Volatility lifts dividend stocks; Wolfe picks Colgate, J&J, Fastenal
Volatility is lifting dividend stocks as investors seek defensives and reliable income. Wolfe Research has named Colgate-Palmolive, Johnson & Johnson, and Fastenal among its favorites in a screen focused on dividend aristocrats in the second yield quintile.
Key Takeaways
- Volatility boosts demand for dividend-paying defensives as sources of reliable income.
- Wolfe Research targets dividend aristocrats in the second quintile of yield to balance yield with growth potential.
- Colgate-Palmolive, Johnson & Johnson, and Fastenal are highlighted as favorites.
- NOBL and VYM have about 4% price gains year-to-date (excluding dividends), illustrating breadth in the dividend rally.
People Involved
- Chris Senyek Wolfe Research chief investment strategist
Entities Involved
- Colgate-Palmolive Co. (CL) Dividend aristocrat; highlighted as a favorite
- Johnson & Johnson (JNJ) Dividend aristocrat; highlighted as a favorite
- Fastenal Co. (FAST) Dividend aristocrat; highlighted as a favorite
- ProShares S&P 500 Dividend Aristocrats ETF (NOBL) Benchmark/peer ETF referenced for performance
- Vanguard High Dividend Yield ETF (VYM) Benchmark/peer ETF referenced for performance
MarketMoodz Analysis
For investors, the picks point to a defensive tilt where steady cash flows and resilient balance sheets matter more than rapid growth. Wolfe’s focus on dividend aristocrats in the second quintile aims to lock in yields in the mid-2% range while preserving room for payout growth, potentially damping volatility as equity markets gyrate.

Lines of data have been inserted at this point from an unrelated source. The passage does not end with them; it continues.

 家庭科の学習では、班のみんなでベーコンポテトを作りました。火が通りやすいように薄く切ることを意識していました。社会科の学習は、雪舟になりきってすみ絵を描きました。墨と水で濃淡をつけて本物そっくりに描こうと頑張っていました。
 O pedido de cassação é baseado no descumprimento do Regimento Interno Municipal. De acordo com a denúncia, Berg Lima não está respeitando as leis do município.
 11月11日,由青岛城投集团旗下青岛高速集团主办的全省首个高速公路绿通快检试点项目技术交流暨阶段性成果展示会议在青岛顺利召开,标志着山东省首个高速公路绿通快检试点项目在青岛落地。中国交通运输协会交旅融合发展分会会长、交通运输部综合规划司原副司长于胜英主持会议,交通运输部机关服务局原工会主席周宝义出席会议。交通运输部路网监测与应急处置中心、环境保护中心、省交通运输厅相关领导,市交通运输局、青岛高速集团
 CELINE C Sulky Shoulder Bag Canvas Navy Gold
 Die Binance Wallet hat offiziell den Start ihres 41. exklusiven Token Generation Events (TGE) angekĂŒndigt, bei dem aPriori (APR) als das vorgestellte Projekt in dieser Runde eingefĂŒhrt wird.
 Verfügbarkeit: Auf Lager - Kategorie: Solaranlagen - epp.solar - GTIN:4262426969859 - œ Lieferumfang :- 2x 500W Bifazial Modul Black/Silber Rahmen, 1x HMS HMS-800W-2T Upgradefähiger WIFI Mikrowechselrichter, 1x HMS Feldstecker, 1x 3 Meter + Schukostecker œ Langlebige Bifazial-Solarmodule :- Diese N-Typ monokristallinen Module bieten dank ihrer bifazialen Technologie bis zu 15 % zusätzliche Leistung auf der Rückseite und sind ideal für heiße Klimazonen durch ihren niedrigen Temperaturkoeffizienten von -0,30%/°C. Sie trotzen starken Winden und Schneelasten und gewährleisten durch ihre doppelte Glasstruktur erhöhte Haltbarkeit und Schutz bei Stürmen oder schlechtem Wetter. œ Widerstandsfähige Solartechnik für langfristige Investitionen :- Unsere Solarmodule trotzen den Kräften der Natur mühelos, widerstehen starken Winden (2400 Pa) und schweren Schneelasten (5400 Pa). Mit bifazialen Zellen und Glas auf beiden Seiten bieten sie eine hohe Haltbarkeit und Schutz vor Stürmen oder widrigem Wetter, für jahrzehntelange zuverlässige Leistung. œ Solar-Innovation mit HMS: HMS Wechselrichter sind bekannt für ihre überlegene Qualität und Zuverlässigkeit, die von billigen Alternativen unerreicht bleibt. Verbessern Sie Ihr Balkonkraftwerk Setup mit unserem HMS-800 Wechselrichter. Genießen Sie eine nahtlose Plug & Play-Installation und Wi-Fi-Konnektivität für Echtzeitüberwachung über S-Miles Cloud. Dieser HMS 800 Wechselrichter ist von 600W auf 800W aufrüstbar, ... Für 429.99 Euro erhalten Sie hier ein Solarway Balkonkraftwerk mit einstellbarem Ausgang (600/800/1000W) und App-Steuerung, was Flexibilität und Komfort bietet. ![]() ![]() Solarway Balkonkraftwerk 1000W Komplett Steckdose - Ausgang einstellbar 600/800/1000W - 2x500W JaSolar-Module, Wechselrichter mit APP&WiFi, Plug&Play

Colgate-Palmolive’s ~14% year-to-date rise, a 2.39% dividend yield, and a recent dividend increase to $0.53 quarterly, along with J&J’s ~17% YTD rise and 2.15% yield, underscore the appeal of financially durable consumer staples and healthcare names. Fastenal’s ~13% YTD rise and 2.11% yield, plus improving February revenue trends and planned hub expansion, illustrate the attraction of diversified industrials with strong cash generation. In a backdrop of macro headwinds—oil-price spikes tied to tensions in the Middle East and AI disruption concerns—dividend stability and steady payout growth can offer ballast. Powell or not, near-term earnings and guidance will test the durability of these dividends and the appetite for defensive equities.
What to watch next: upcoming Q1 results, evolving rate expectations, and management guidance will help confirm whether a sustained dividend-leaning regime can outperform in a volatile year. Pay attention to any changes in payout policy, as well as how these companies navigate pricing, input costs, and the pace of demand in their respective sectors.